“OK, so then we’ll move. We will. If we have to, we’ll figure it out. I promise.”
The Mr. Coffee beeped, and Alex stood abruptly to pour himself a cup. Susan was imagining Andrea, poor old Andrea, nodding, stoic but brokenhearted when presented with the news that they were leaving. She remembered the feel of the shaky old hand resting on her elbow, the two of them enjoying a mother-daughter kind of moment on the stoop that afternoon, partners in some unnameable melancholy.
“So that’s the plan,” Alex said, pouring his coffee and smiling gently. “We give it a few days. If we so much as hear a bug farting in the night, we are out of here.”
Susan sighed. She knew what he was doing; kicking the can down the road, giving her time to forget this flight of fancy when a few days had gone by. It had happened before. When she had wanted to get a dog; when she had made noises about leaving New York, moving upstate, somewhere with mountains. He would say, hmm, let’s think about it, hmm, we’ll talk about it next week, when I’m not so crazy at work, when Emma’s not sick, whatever … and eventually other things cropped up to distract her attention. She looked at her shoulder. The pink mark on her arm was tiny, barely visible. Maybe it was a pimple. And they had brought in a professional, paid good money for a thorough investigation not two weeks ago, and been given the all clear.
But the fresh knot of unease that had formed in her chest that morning at three o’clock, when she woke to see the monster on her shoulder—it was no dream, no dream at all—had not abated. It throbbed, sending out one message, over and over: they had to move, had to get out of there, and quick.
Or else or else or else.
Alex turned to look at the clock, and Susan gnawed furtively at her nails, wrenching off a hunk of thumbnail and spitting it on the floor. A pulse of pain shot up her thumb, and blood welled where the nail had been and drooled down over the knuckle. Alex turned back and planted a sweet kiss on her cheek. “So, we’ll handle it. We’re on top of it.”
“OK,” she said and smiled weakly, rubbing her eyes. “OK.”
Clutching his coffee cup, Alex padded upstairs to get ready for his day. As soon as he disappeared, Susan’s shoulder began to itch.
18.
When Marni arrived for work, an hour and a half later, Alex had just left, and Susan heard him on the exterior stairs, greeting the nanny in passing. She had remained in the kitchen, slowly sipping her coffee and staring with dead eyes out the front windows.
“Hey,” Marni called brightly from the front door, and Susan leaned back in the chair to respond.
“Morning.

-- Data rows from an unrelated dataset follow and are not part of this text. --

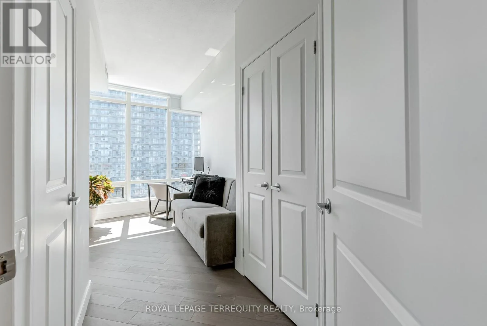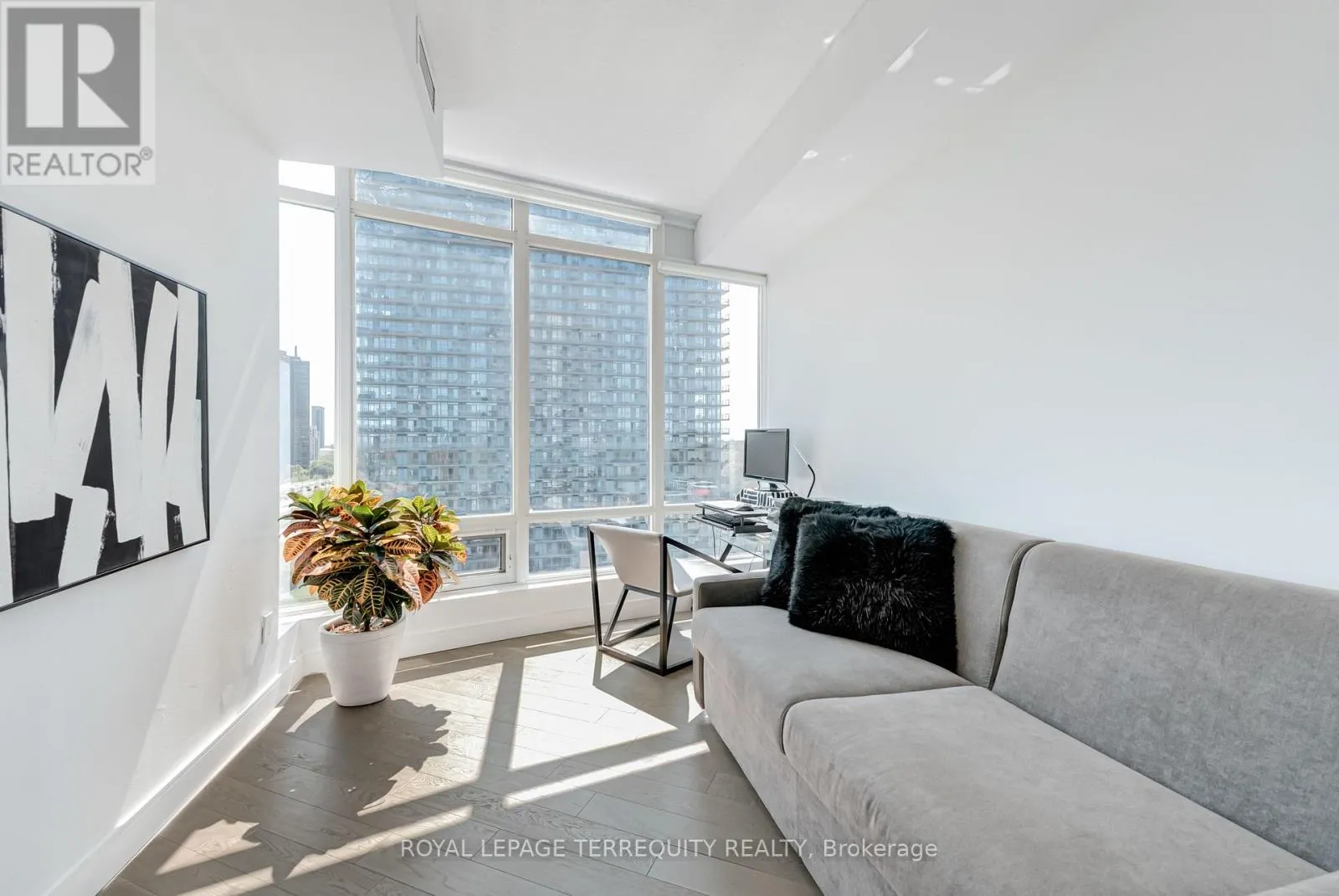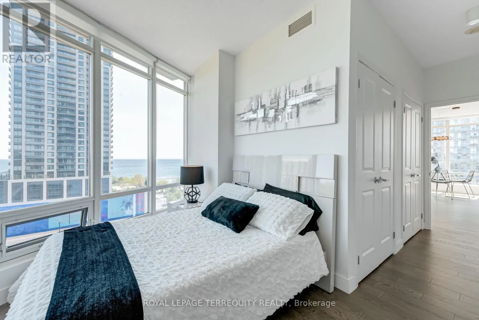 Enjoy breathtaking 180-degree panoramic views of the city skyline, shoreline, and sunsets through dramatic 9-ft floor-to-ceiling windows. A wall of glass fills the open-concept living and dining area with natural light, creating a warm and expansive atmosphere. Step onto the balcony to unwind and take in golden hour over the lake. A sleek, contemporary kitchen appointed with a quartz waterfall island, countertops, backsplash, and top-of-the-line appliances. The versatile den overlooks the main living space and can function as an office or nursery. The primary bedroom offers a 4-piece ensuite and double closets, while the second bedroom features floor-to-ceiling windows and ample storage. Premium interior upgrades include designer lighting, custom frosted glass panels with backlighting in both bathrooms, custom designed kitchen, upgraded quartz countertops with waterfall edges, and superior hardwood flooring throughout. Nestled in a lush waterfront enclave, this residence offers the perfect blend of serenity and city life. Just mins from High Park, Sunnyside Beach, Grenadier Pond, and the Lake Ontario boardwalk- nature and leisure await. You're also under 8 minutes to the charm of Bloor West Village with cozy cafes, fine dining, artisan markets, and boutique shopping. With top-rated schools, hospitals, seamless transit, and only 20 minutes to downtown, every urban convenience is easily within reach. (id:27476)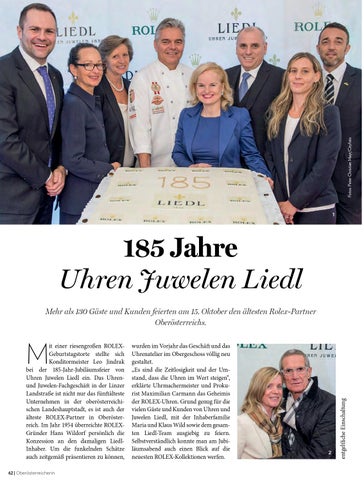 it einer riesengroßen ROLEXGeburtstagstorte stellte sich Konditormeister Leo Jindrak bei der 185-Jahr-Jubiläumsfeier von Uhren Juwelen Liedl ein. Das Uhrenund Juwelen-Fachgeschäft in der Linzer Landstraße ist nicht nur das fünftälteste Unternehmen in der oberösterreichischen Landeshauptstadt, es ist auch der älteste ROLEX-Partner in Oberösterreich. Im Jahr 1954 überreichte ROLEXGründer Hans Wildorf persönlich die Konzession an den damaligen LiedlInhaber. Um die funkelnden Schätze auch zeitgemäß präsentieren zu können,
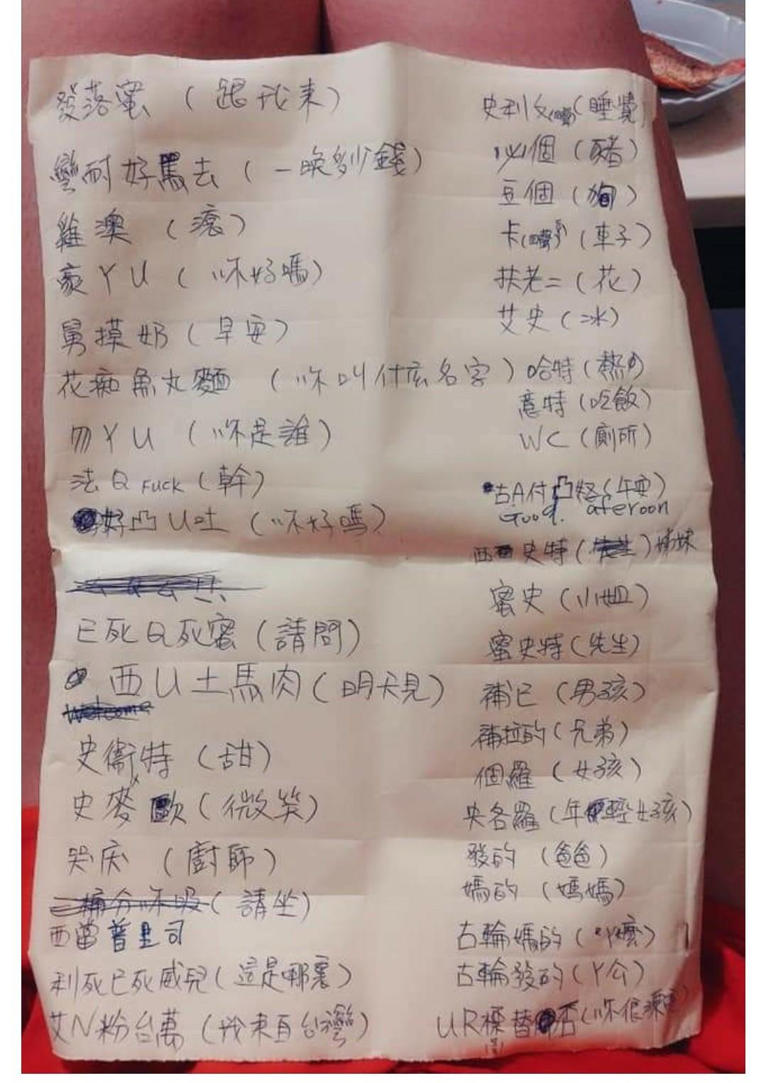這念法真的是太搞笑了!一名女網友把媽媽的英文筆記分享到「爆廢公社公開版」,更寫下「我只想問,她同事到底有多哈啦」,原來是同事教媽媽的英文唸法超逗趣,像是「扶老二」是flower的意思、「舅摸奶」是good morning、「彎耐好罵去」是one night how much、「已死Q死蜜」是excuse me等等。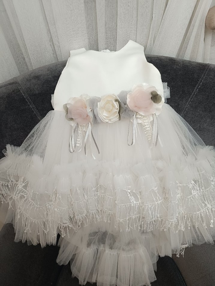 Fırfırlı ve nakışlı detaylara sahip straplez, beyaz, dar kesim kız çocuk elbisesi. Yumuşak sentetik kumaştan üretilmiştir. 4 yaş boyu 60/80 santim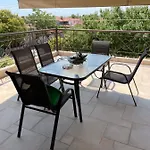 Λευτερης Villa cu 1 dormitoare are o bucătărie complet echipată, precum și o zonă de luat masa și o zonă de luat masa în aer liber pentru confortul oaspeților.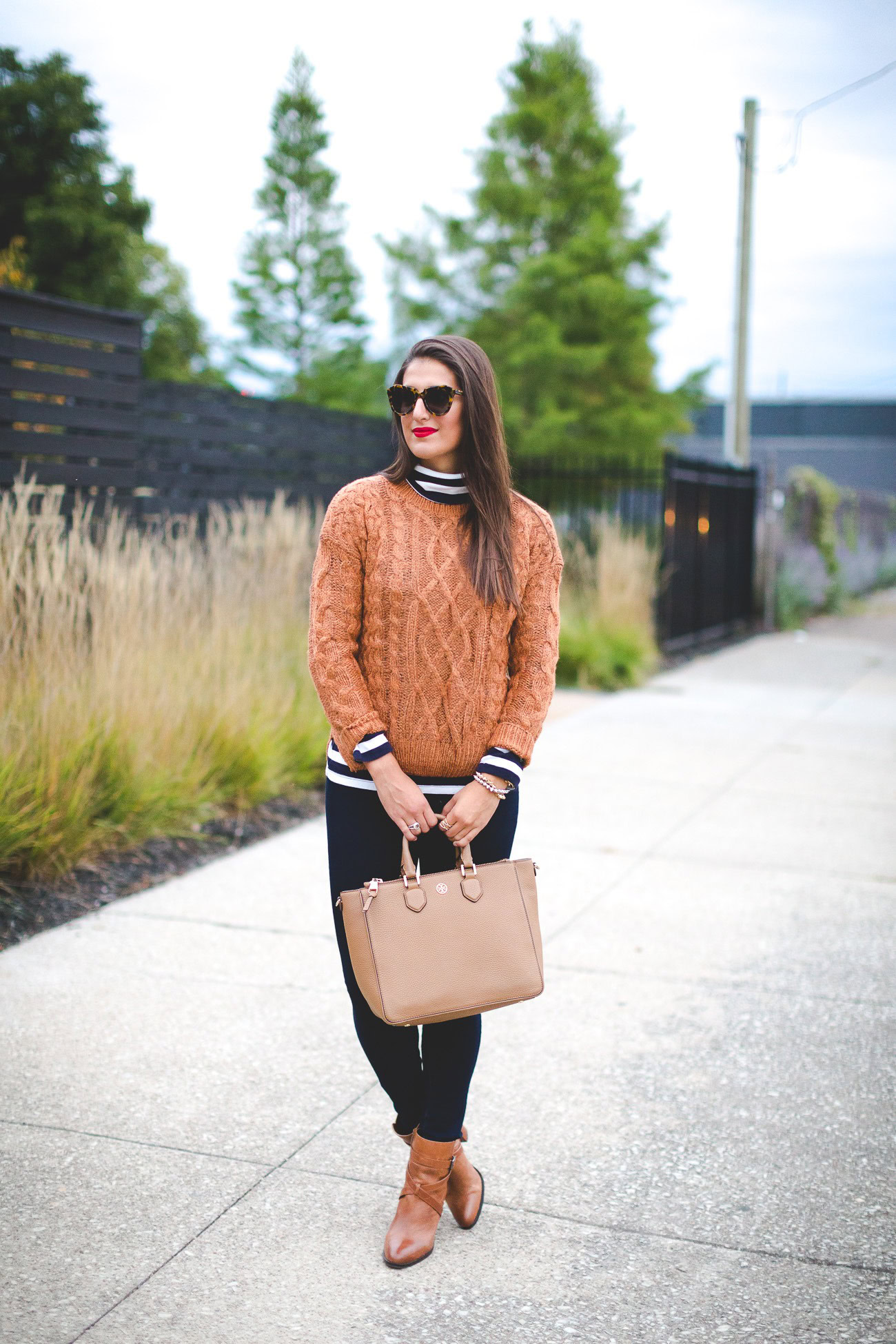 This ensemble perfectly embodies the cozy yet chic aesthetic of fall layering. The chunky cable-knit sweater in a warm caramel hue adds rich texture and comfort, while the striped turtleneck peeking out provides a sleek contrast and extra warmth. Dark skinny jeans and cognac ankle boots complete the look with a streamlined silhouette. The neutral tan handbag ties the color palette together, making this outfit versatile for various autumn occasions. Oversized sunglasses add a touch of glamour, demonstrating how layering can be both practical and stylish. This combination of textures, patterns, and autumnal colors is sure to turn heads while keeping you snug in the crisp fall air.

Emma’s upstairs.”
Marni poked her head into the kitchen, and the girl’s big brown eyes and tousled auburn hair were framed by the morning sunlight like a shampoo commercial. “You all right, Susan?”
“Yeah. I’m fine.”
Susan smiled tightly. Marni was so effortlessly beautiful, and she could only imagine what she herself must look like: unshowered and exhausted, her hair a knotted mess, her eyes red rimmed, her face unmade-up and greasy.
“Marni!” Emma squealed from upstairs. “I’m making a pee-pee, Marni!”
“Awesome!” Marni yelled. “Here I come!” She bounded out of the kitchen toward the stairs, flashing an ain’t-she-cute? grin over her shoulder as she went.
Susan rose and trudged up behind her, wondering about the moment a few minutes earlier, when Marni had brushed past Alex outside the apartment on the stairway landing. It was a small space. How close had they passed? Had her small perky breasts pressed against his chest? Had Alex gotten a deep noseful of her flirty orange-blossom perfume? How often did they squeeze past each other that way, while Susan was upstairs picking out Emma’s clothes or downstairs pouring milk on cereal? Marni was immortal, impervious to tiredness or hurt. She was like Alex in that way, Susan reflected sourly: both of them wore the mantle of the world so lightly. Not the type to get sunburned, or stung by bees, or suffer the untimely death of their mothers.
Susan climbed the steps until she stood on the landing between the bedrooms, watching Marni get Emma dressed. Her eyes lingered on her daughter’s naked body: her clear vanilla skin, the bulge of her tummy, the fragile lines of her legs, the small pink creases of her nipples.
“Hey, Em? Do you feel itchy?”
Emma looked up and giggled, like it was a joke. “No, I do not.”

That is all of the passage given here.